Autism-Friendly Holiday Tips

“Autism does not take a break for the holidays. Although the holidays can be a great time to bond with family, you will know that with a child on the autism spectrum, the festive period comes with its fair share of challenges. Here are some survival tips for the holidays, so you and your child can truly enjoy this time of year.

1. “Less is more! Inviting friends and family over for the holidays sounds fun. Still, this can be challenging for your child to process. The more people in your house, the less autonomy your child experiences. More people means added social expectations and more chances of those on the spectrum becoming overstimulated. Your home is a familiar environment for your child, but having people over can interrupt their ability to ism (stim) and self-regulate. Your child requires plenty of time and space to adjust to having guests over. You may even also feel obliged to get your child to participate in the festivities when they are not ready.

2. “Avoid the crowds! Holiday events and shopping can be stressful times for anyone. It can be extremely overwhelming for our sensitive children to be in crowded places. Internet shopping and grocery delivery are wonderful inventions that allow you to avoid the mall and skip the grocery store. Another option is to ask a family member or a trusted friend to watch your child at home while you brave the crowds yourself. Although taking your child with you may be tempting, leaving them home means you’ll be more likely to avoid having a tantrum or a meltdown.

3. “Eliminate the electronics! Well-intentioned family members may want to buy your child gifts during the holiday season. Traditional toys, such as books, trains, dolls, or arts and crafts, allow our children to use their developing brains for creative play. Electronic toys containing batteries, flashing lights, or screens can be overstimulating for those on the autism spectrum and add to holiday stresses. Be authentic with your relatives and make some suggestions for gift choices. They are looking to you for guidance on what your child would enjoy. Maybe your child has stimming behaviors, such as shaking a string or drawing pictures. Allowing them to freely stim without electronics will help them self-soothe and provide the predictability they crave to make sense of the world around them.

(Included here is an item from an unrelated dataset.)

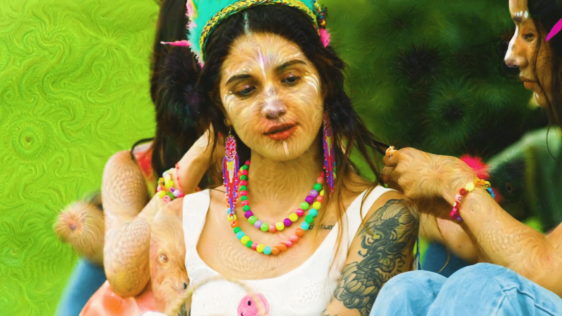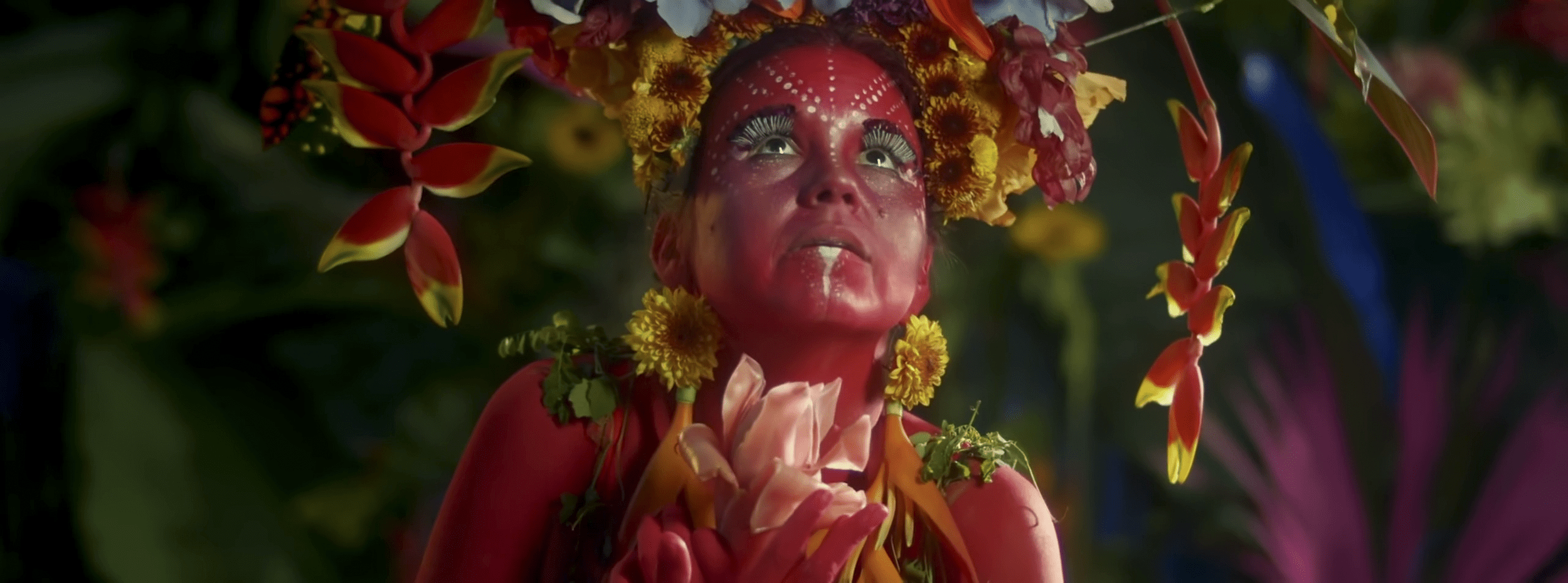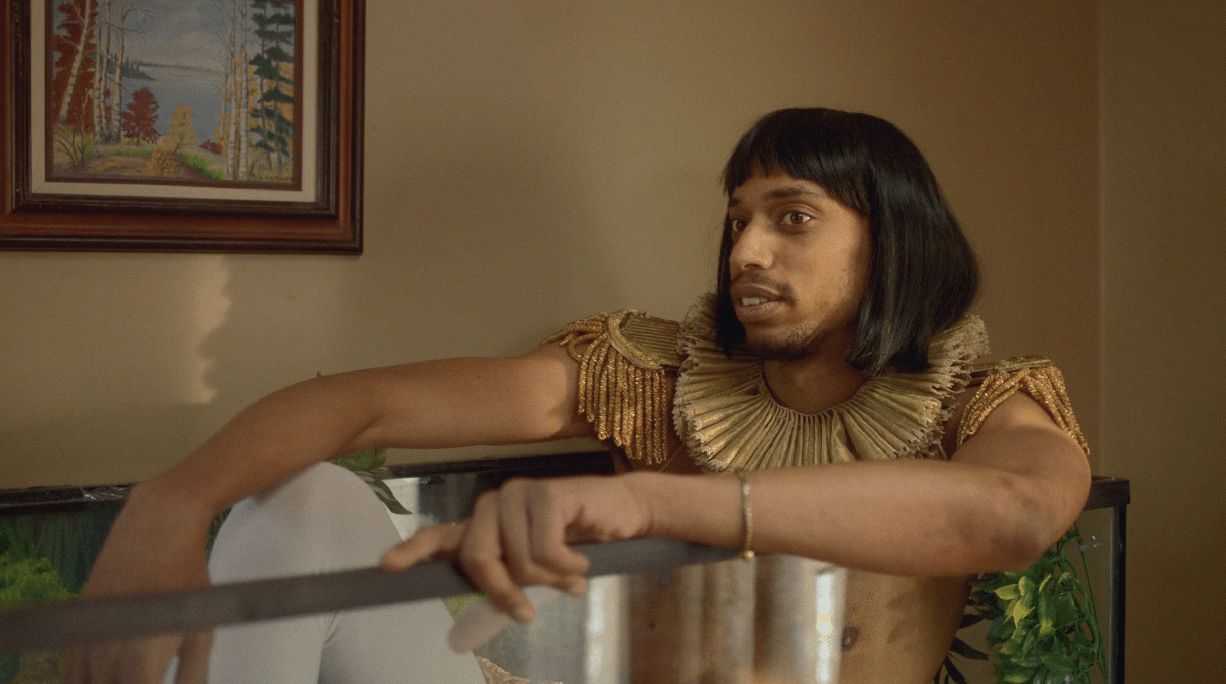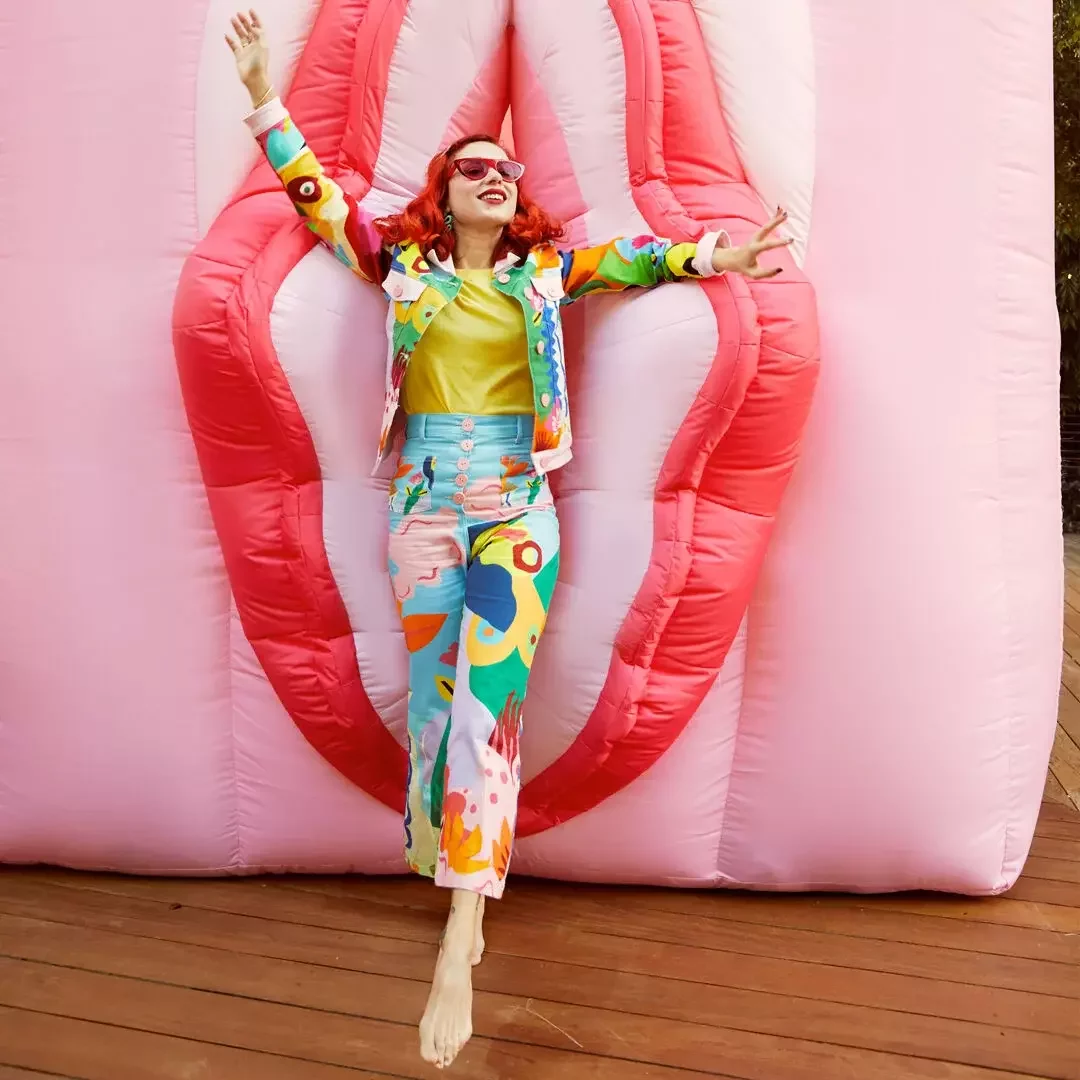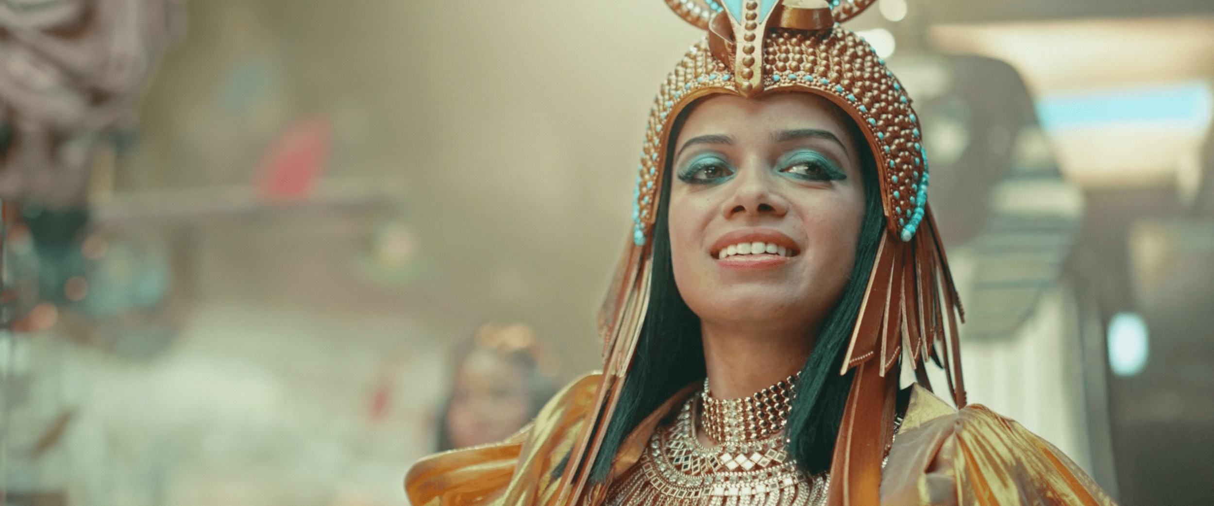 La clave de este tocado es llevarlo al humor, manteniéndolo conectado con la realidad en la que estamos viviendo y con la idea de que es un show de calle. Para lograrlo, sumaría un vestuario que complemente su actitud cotidiana, creando un look más atemporal. Mantendremos la línea de colorido, pero el vestuario debe ser una extensión de su profesión o acción como personaje. Es como si ella hubiera intentado vestirse parcialmente de Cleopatra para el show, pero solo hubiera logrado ponerse el gorro y el maquillaje.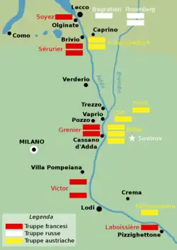 Schérer deployed the divisions of MGs Paul Grenier, Claude Victor, Jean Sérurier (each of the three divisions had around 8,000 men[13]), and Pierre de Laboissière (4,000 men;[13] from Villa Pompeiana to the Po River[15]) to defend the line of the Adda River. Victor's and Grenier's divisions included the Polish and Helvetic legions.[46]

4. “Dietary dilemmas! If your child is on a special autism diet, the holidays can be one of the most challenging. Everywhere you turn there are temptations of gluten, casein, sugar, and chocolate. Spend some time preparing foods in advance that your child can eat. Educate those you might spend time with during the holidays about the foods you would like your child to avoid. Have plenty of healthy choices to offer your child as an alternative. Ask for their help and support to make this happen.

5. “The importance of The Son-Rise Program playroom! The most valuable and supportive environment for your child throughout the holidays is The Son-Rise Program playroom. This nurturing environment provides your child with a low-distraction experience where they can play and be themselves. Even if other things are happening and you are spending more time than usual as a family, there is a workaround. Coordinate with your family, so each person can take turns being with your child in the playroom. Even a couple of hours each day over the holidays will be a godsend for your child. And it will help them thrive.

“Have fun and Happy Holidays from The Autism Treatment Center or America!”